We provide implementations of prompting-based baselines (including zero-shot and fewshot GPT-4o) under the `prompt/` folder.


## Citation

If you find our work useful, please cite the following paper:

```
@article{yuan2025cad,
  title={CAD-Editor: A Locate-then-Infill Framework with Automated Training Data Synthesis for Text-Based CAD Editing},
  author={Yuan, Yu and Sun, Shizhao and Liu, Qi and Bian, Jiang},
  journal={Forty-Second International Conference on Machine Learning},
  year={2025}
}
```

## Acknowledgements

We would like to thank and acknowledge referenced codes from [hnc-cad](https://github.com/samxuxiang/hnc-cad), [SkexGen](https://github.com/samxuxiang/SkexGen) and [StyleGAN-nada](https://github.com/rinongal/StyleGAN-nada).


## Contributing

This project welcomes contributions and suggestions.  Most contributions require you to agree to a
Contributor License Agreement (CLA) declaring that you have the right to, and actually do, grant us
the rights to use your contribution. For details, visit https://cla.opensource.microsoft.com.

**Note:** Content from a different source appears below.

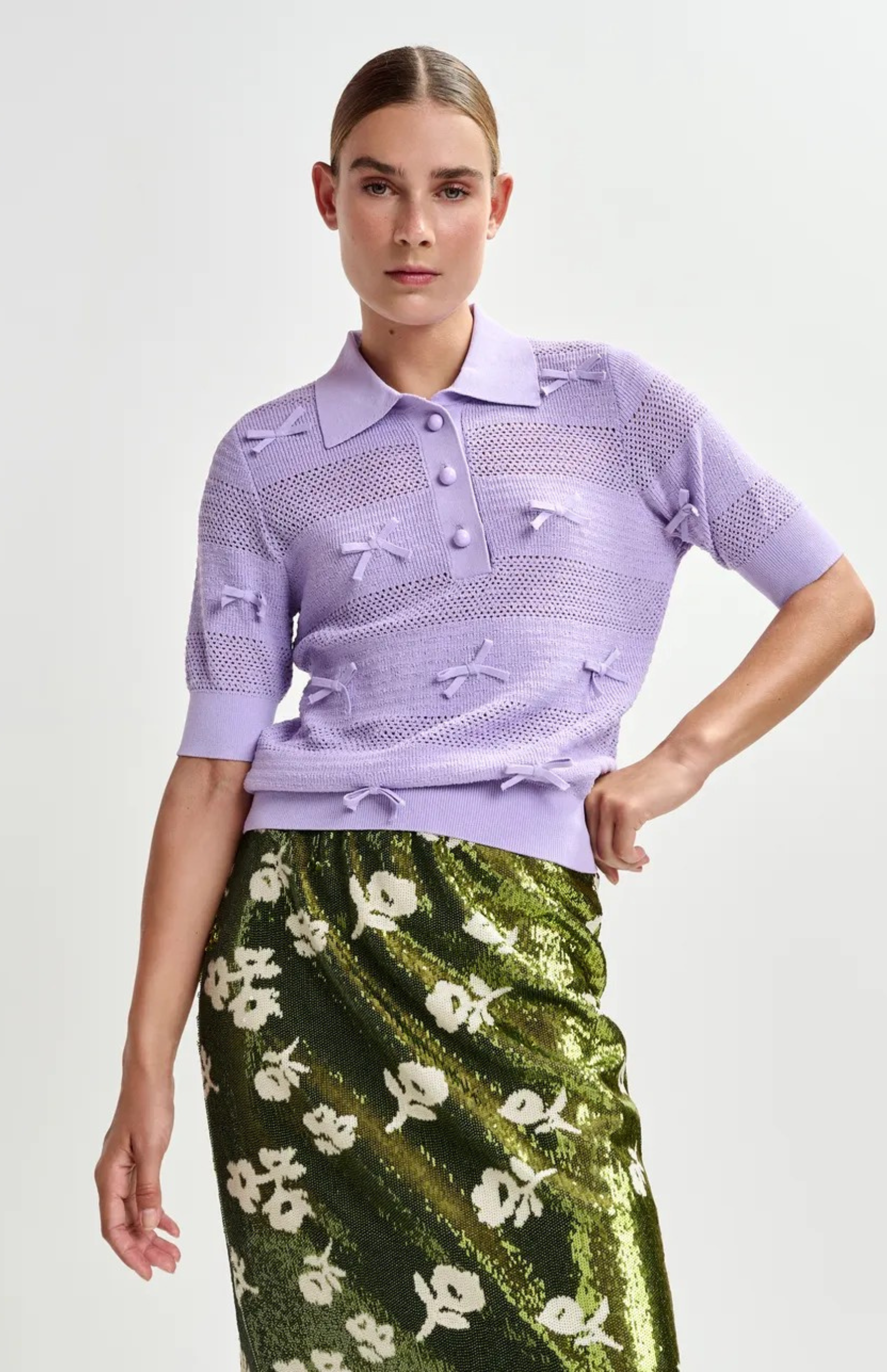 Charming knit polo top is crafted from fine recycled polyester. It features a relaxed fit, tonal button fastening, and ribbed trims for a polished look. The 3/4 sleeves and delicate bow embellishments add a feminine detail, making it perfect for layering or wearing on its own.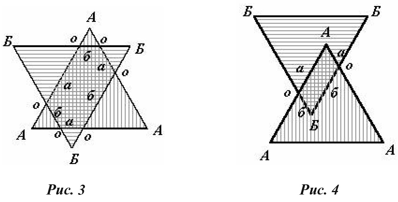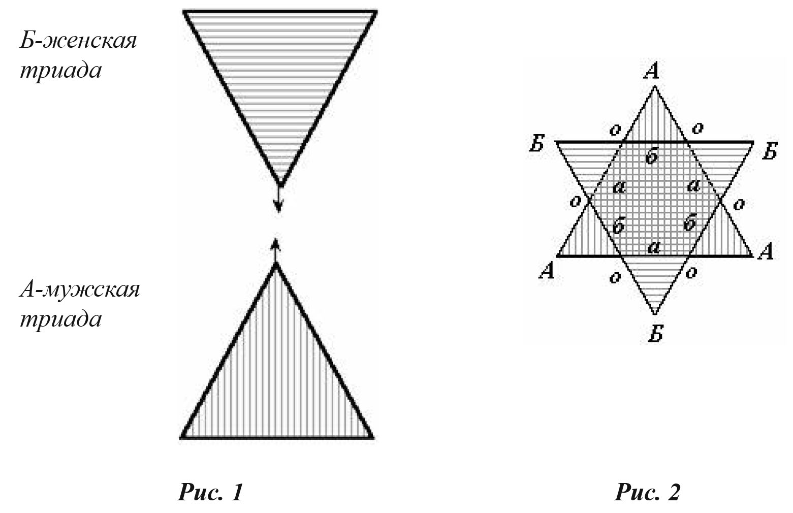 Получается этот знак в результате сближения двух равносторонних треугольников – А и Б (рис. 1), символизирующих мужскую и женскую триады соответственно, а затем и «врастания» их друг в друга до образования правильной шестилучевой звезды (рис. 2).

When you submit a pull request, a CLA bot will automatically determine whether you need to provide
a CLA and decorate the PR appropriately (e.g., status check, comment). Simply follow the instructions
provided by the bot. You will only need to do this once across all repos using our CLA.

This project has adopted the [Microsoft Open Source Code of Conduct](https://opensource.microsoft.com/codeofconduct/).
For more information see the [Code of Conduct FAQ](https://opensource.microsoft.com/codeofconduct/faq/) or
contact [opencode@microsoft.com](mailto:opencode@microsoft.com) with any additional questions or comments.

## Trademarks

This project may contain trademarks or logos for projects, products, or services. Authorized use of Microsoft 
trademarks or logos is subject to and must follow 
[Microsoft's Trademark & Brand Guidelines](https://www.microsoft.com/en-us/legal/intellectualproperty/trademarks/usage/general).
Use of Microsoft trademarks or logos in modified versions of this project must not cause confusion or imply Microsoft sponsorship.
Any use of third-party trademarks or logos are subject to those third-party's policies.